When the avowed purpose of the president had been thus completely answered, by his first communication to congress, it is natural to ask what could have prompted the second? Were the majorities in both houses of congress personally hostile to the president, or unfriendly to his administration; and was it necessary for him to defend himself from party prejudice by an appeal to the people? That could not be; for it is notorious that the president's friends, personal or political, are most numerous in both houses, and this advantage is a daily theme of party boast and congratulation. Were the chairmen of the respective committees his political opponents, and did they insidiously endeavour to bring his party into discredit for the purpose of advancing their own? But they were among his most zealous adherents—nay, it may be questioned whether there was a single individual in the United States to whom the president was more indebted for the vindication of his character before the people, than to Mr. M'Duffie, who wrote one of the reports;—unless it might be to Mr. Adams, when secretary of state. Was it then expected, that the house of representatives, which had disregarded his recommendation, would now approve his project? It is impossible that the president or his advisers could have believed they would carry their complaisance so far. They must have known that the subject would be referred to the same committee, composed of the same persons, as that of the preceding year, and who would be likely, if they reported at all, not only to support their first opinions by further arguments, but to express their disapprobation of a course so wanting in respect to the legislature, and so little calculated to promote harmony between the different branches of the government. As, then, we are compelled to give the negative to all these suppositions, we must infer that the object of this extraordinary course has been to influence public opinion. It seems essential to the views of the present executive of the United States, to put down the present national bank, and to erect another on its ruins; and this favourite purpose it hopes to attain by bringing the president's personal and official influence to bear on the question; and, under the forms of the constitution, to appeal from his party in congress, to his party in the nation.

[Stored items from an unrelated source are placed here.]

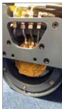
Deux pompes hydrauliques Poclairn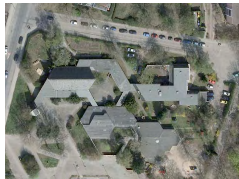
Planung: Bergander Landschaftsarchitekten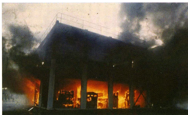
BHP TESZTÉPÜLET TŰZTESZTJE

A BHP Research Melbourne Laboratóriumban a célra elkészített épületben végeztek el a tesztek. Ez egy tipikus szintmagasságú 12 m x 12 m területű sarokrészt szimulálta az épületnek. A tesztépületet egy tipikus irodai környezetnek megfelelően bebútorozták, egy 4 m x 4 m nagyságú irodát alakítottak ki az épület kerületével szomszédosan. Az irodát gipszkarton fal, egy ajtó, ablakok és az épület homlokzata határolta. A hasznos terhet vízirtályokkal biztosították.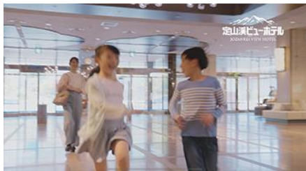
ロビーからスタート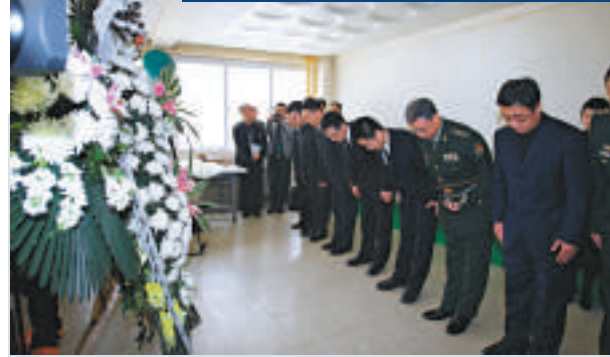
3月17日，中韓雙方在韓國京畿道坡州市啓動實施在韓中國人民志願軍烈士遺骸裝殮工作。中方代表在現場舉行悼念活動。此次裝殮的遺骸共有437具，約需十餘日。

On the dignity or good faith of this course we will not make any comment; but since the question is thus brought before the people, we will cheerfully meet it, and inquire how far the measure recommended by the president, against the opinions of the immediate representatives of the people, seems calculated to advance the public interest, or to promote a distinct and peculiar interest. We shall fearlessly, though temperately, examine the president's propositions, both as to the existing national bank and its proposed substitute; and we shall look at the subject with a single eye to the public good, for we have no other interest in the question than what is common to every citizen of the United States. We know that there is much good sense in this nation, and although there is a full share of prejudice too, yet no one need despair, that the former, if properly addressed, will eventually prevail.

That part of the Message which relates to the bank is in these words,—

"The importance of the principles involved in the inquiry, whether it will be proper to re-charter the Bank of the United States, requires that I should again call the attention of congress to the subject. Nothing has occurred to lessen, in any degree, the dangers which many of our citizens apprehended from that institution, as at present organized. In the spirit of improvement and compromise which distinguishes our country and its institutions, it becomes us to inquire whether it be not possible to secure the advantages afforded by the present bank through the agency of a bank of the United States, so modified in its principles and structure as to obviate constitutional and other objections.